*** Opening RECORDED INFORMATION ***

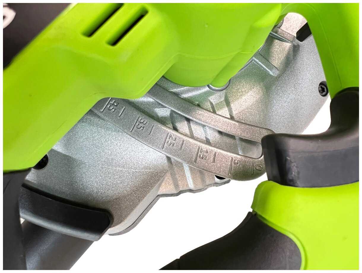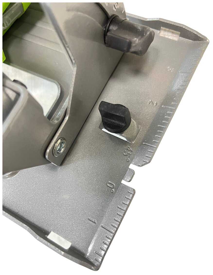 - Регулировка глубины пропила (до 45° наклона) с фиксацией рычажком — отсутствие люфтов по сравнению с винтовыми аналогами.
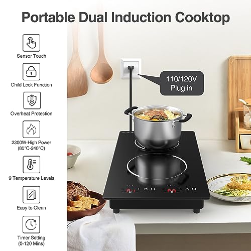 Double Induction Cooktop, 110V Electric Cooktop 2300W Electric Stove Top with 2 Burner Independent Control, Ultrathin Body, 9 Temperature, Multiple Power Levels, 2 Hour Timer, Safety Lock
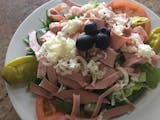 Fresh greens together with tomatoes, black olives, pepperoncini, salami, mortadella & mozzarella cheese.
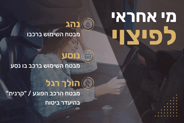 לאחר שאדם נפגע בתאונת דרכים, עולה לרוב השאלה: מיהו הגורם האחראי לפיצוי? ובכן, כל תאונה שונה בנסיבותיה, ולפיכך יש לבחון תחילה את זהות הנפגע, כמפורט להלן:
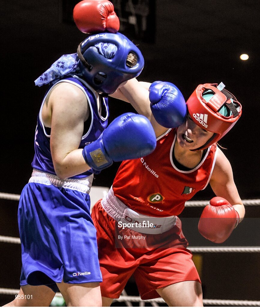 24 January 2015; Claire Grace, Callan, Kilkenny, left, exchanges punches with Christina Desmond, Macroom, Cork, during their 69 kg Welterweight bout. National Elite Boxing Championship Finals, National Stadium, Dublin. Picture credit: Pat Murphy / SPORTSFILE
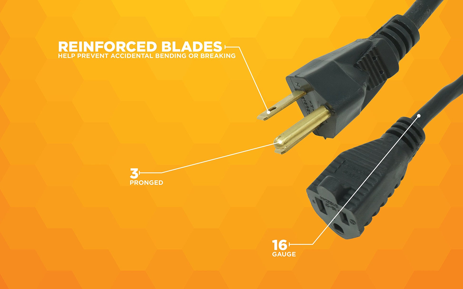 - DISCREET BLACK EXTENSION CORD: the three prong extension cord has a neutral black color that blends into the environment; the vinyl jacket of the extension cords also don’t leave unsightly marks on the floor
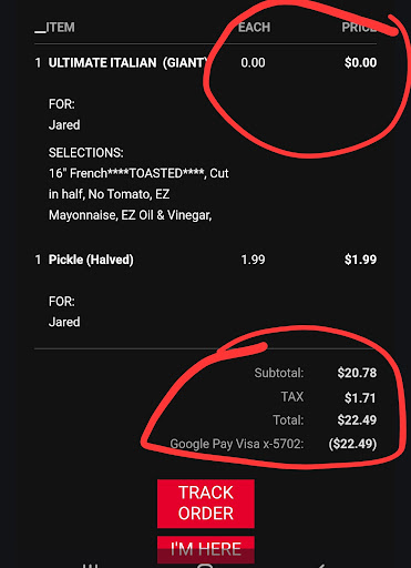 After placing an order a day head there was system glitch that showed sandwich was $0.00, and the pickle was the only thing being charged. Even after totaling before check out it showed $2 something for the pickle. After I made my purchase it jumped to $22 from my reciept.

*** Closing RECORDED INFORMATION ***

TASK GOAL
Print again, word for word, every line from the line with "- DISCREET BLACK" to the final line of the records, inclusive; skip the pictures.

RESULT
 - DISCREET BLACK EXTENSION CORD: the three prong extension cord has a neutral black color that blends into the environment; the vinyl jacket of the extension cords also don’t leave unsightly marks on the floor
 After placing an order a day head there was system glitch that showed sandwich was $0.00, and the pickle was the only thing being charged. Even after totaling before check out it showed $2 something for the pickle. After I made my purchase it jumped to $22 from my reciept.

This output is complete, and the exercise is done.